A couple of remarks Marc Nieper-Wißkirchen (11 Jul 2017 19:55 UTC)
Re: A couple of remarks John Cowan (11 Jul 2017 20:14 UTC)
Re: A couple of remarks Marc Nieper-Wißkirchen (11 Jul 2017 20:32 UTC)

A couple of remarks Marc Nieper-Wißkirchen 11 Jul 2017 19:55 UTC


I would like to make a couple of remarks that came to my mind when I
first read your proposal. In no particular order:

1) The SRFI says that "(is x < y <= z)" is syntactic sugar for "(and (<
x y) (<= y z)". However, it should be syntactic sugar for "(let ((%y y))
(and (< x %y) (<= %y z)))" because evaluating "y" may have side effects
(or just be costly). In case of the former expansion, "(is x < y < z)"
would be something different than "(< x y z)".

2) As for the "pronounciation" of "(< x y)" and so on: It is in the
report in 6.2. The report talks about (a list of) "monotonically
increasing" numbers. This makes very much sense because "<" is not a
binary predicate but an n-ary predicate for any n greater or equal 2.

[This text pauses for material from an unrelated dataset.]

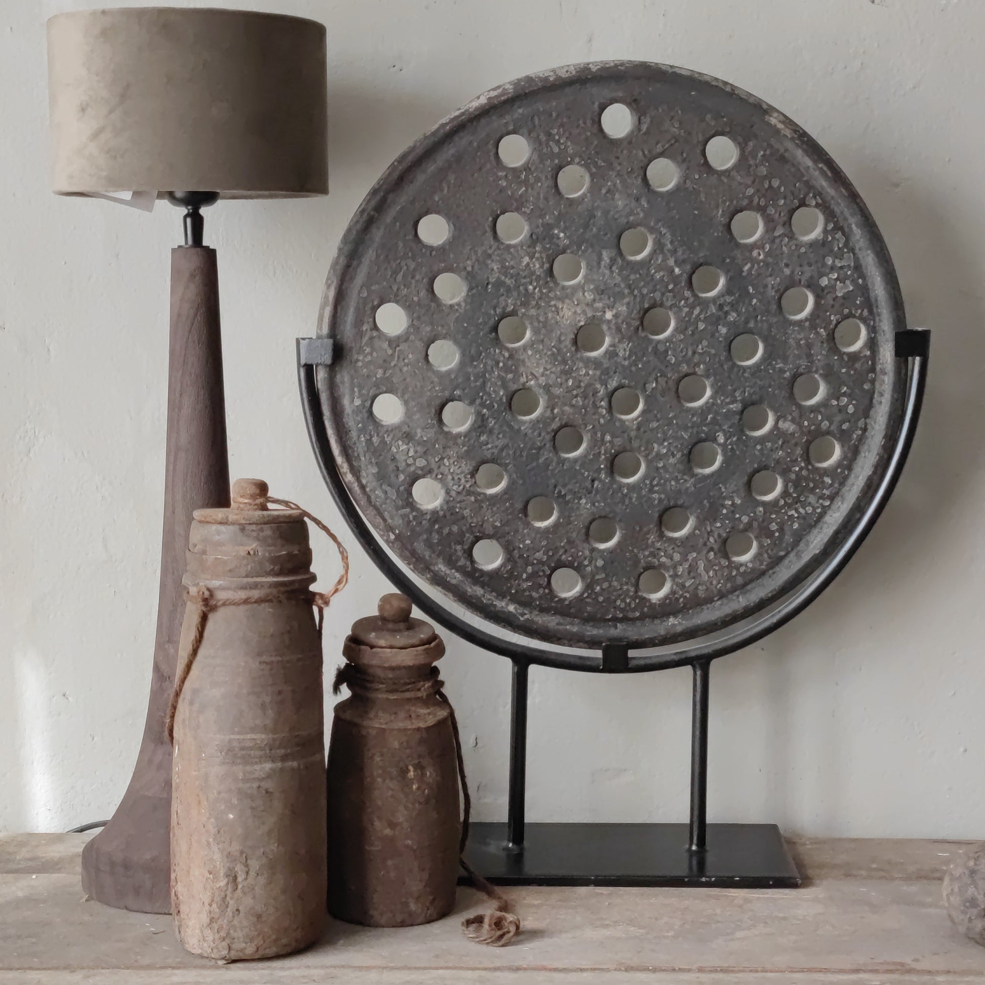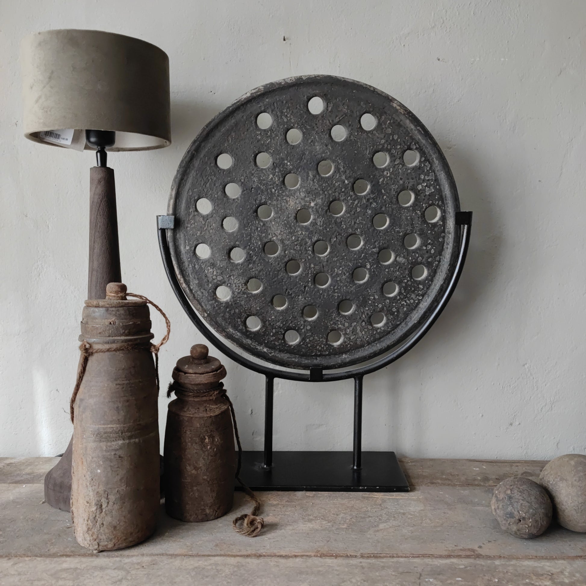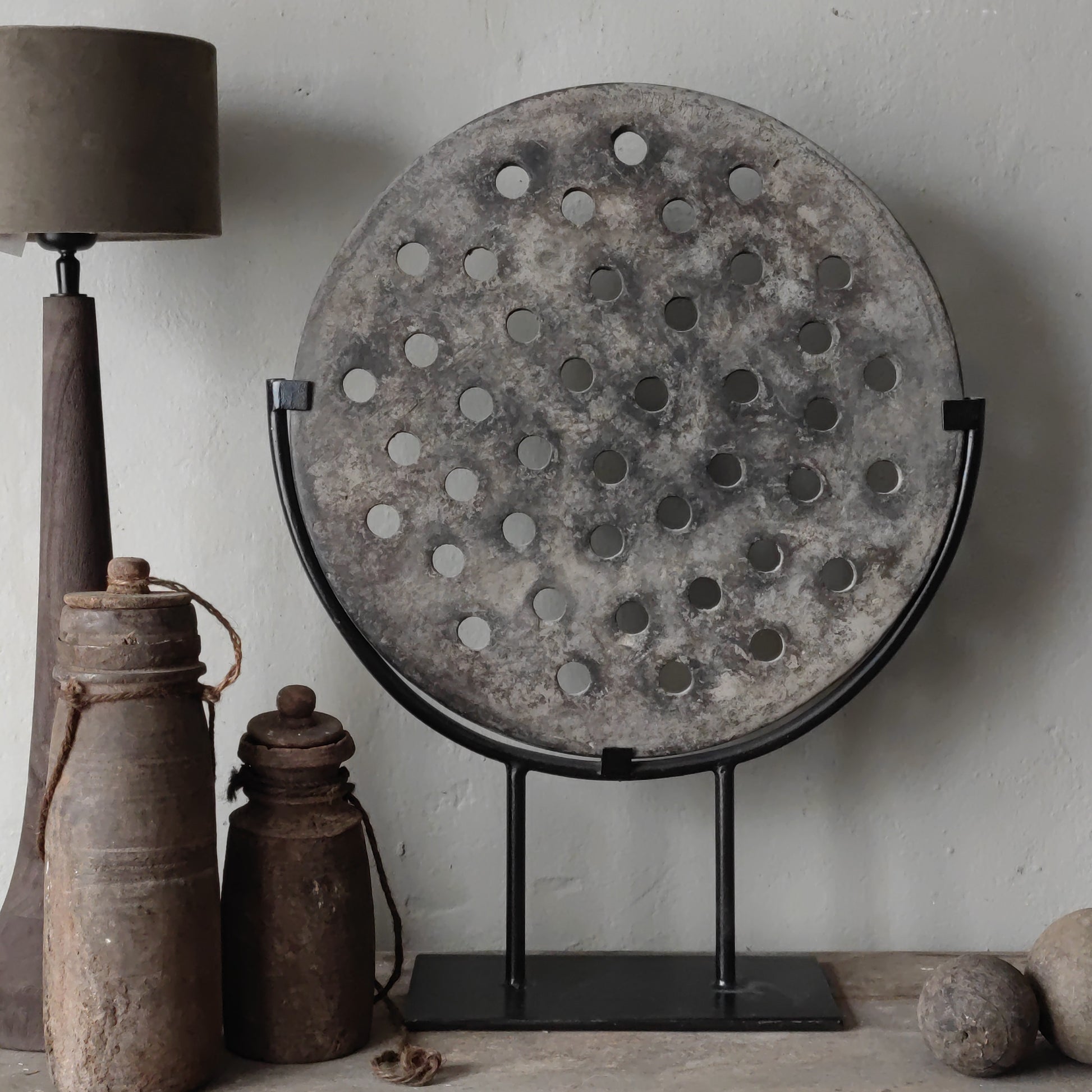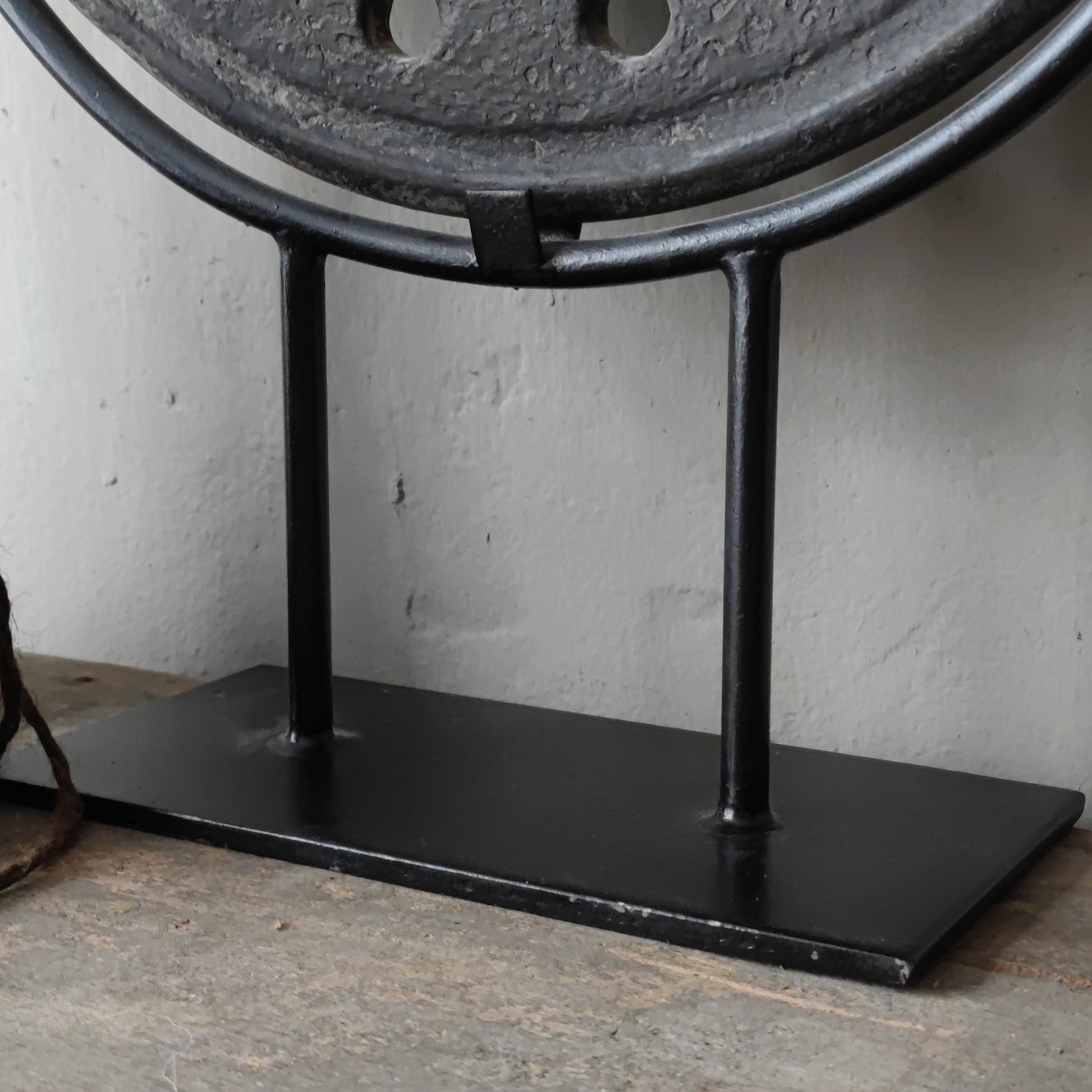 Prachtig is deze unieke oude steenmal op zwart metalen voet.

On the other hand, I agree that it is less obvious for a predicate like
"divides?" (although it makes as much sense as for "<" to make
"divides?" an n-ary predicate because, mathematically, "divides?"
defines just another (non-total) order).

However, "(is x divides? y)" doesn't follow the English grammar rules.
One would first have to redefine "divides?" to, say, "divisor-of".

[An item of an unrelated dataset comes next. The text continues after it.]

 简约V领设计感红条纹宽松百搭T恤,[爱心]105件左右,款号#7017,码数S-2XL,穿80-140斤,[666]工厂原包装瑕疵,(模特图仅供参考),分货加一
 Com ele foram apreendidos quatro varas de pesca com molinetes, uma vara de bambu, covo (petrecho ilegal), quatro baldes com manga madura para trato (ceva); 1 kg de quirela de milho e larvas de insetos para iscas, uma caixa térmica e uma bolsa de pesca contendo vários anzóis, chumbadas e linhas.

3) For consistency, it would be nice if SRFI 26 and this SRFI use the
same placeholder, so either "<>" or "_". If people agreed on "_", we
would need another SRFI amending SRFI 26 (and SRFI 148, which reuses
SRFI 26's identifiers for consistency). In the latter case, one would
have to cope with the identifier "<...>" of SRFI 26 as well. One
possibility would be to use ". _" (because "<...>" only appears as the
last element in a list in SRFI 26).

4) Being a mathematician, I don't understand why "(is _ < x < y)" is
allowed, while "(is x < y < _)" is not allowed It seems like an
artificial restriction complicating the spec (while the implementation
would still be straight-forward).

5) From a user's point of view, "(is _ + 1)" looks like a valid use
case. I understand why you discourage its use, namely because the word
"is" simply does not make sense with respect to addition. Why don't you
use an otherwise unused symbol? E.g. "$"? Then writing "($ x < y)", "($
x taller-than? y)", "($ x divides? y)", "($ _ + y)" each makes a lot of
sense. (I don't want to say that "$" is a particularly good choice;
consider it as a meta-identifier for the moment.)

So what I want to say is that one of Scheme's selling points is that its
primitives are very orthogonal and the few concepts it provides are not
unnecessarily restricted. Now, SRFI 156 seems to restrict its own
applicability for natural language reasons. There should be a solution
to this problem.

6) Does this SRFI provide enough reasons for people to switch from "(< 1
2)" to "(is 1 < 2)"? If not, Scheme code would possibly become harder to
read because one will have to know both conventions when studying other
people's source codes.

Let me give two examples to demonstrate my point: Scheme has the
named-let and the do-construct as the primary means to write loops.
Do-loops are easily rewritten into named-let-loops. However, they add a
bit of meaning. A do-loop (with a non-trivial body) is an imperative
construct, which I can so mark in my Scheme code. At the moment, I don't
see any meaning that is added when using the "is" form proposed in this
SRFI (as much I don't see any meaning added when using the square
brackets of the R6RS as opposed to the round brackets).

The syntactic sugar "(define (f x) ...)" for "(define f (lambda (x)
...))" does not add any meaning, but it shortens the code, so people use
it (somewhat) consistently.



P.S.: I am willing to help you with the sample implementation if you
want to incorporate some of my suggestions (e.g. "_" is position 3 or
later, or to code the "let"-wrappers) and if you don't like macro
programming too much (or take a look at SRFI 148, which makes
programming or powerful macros very easy).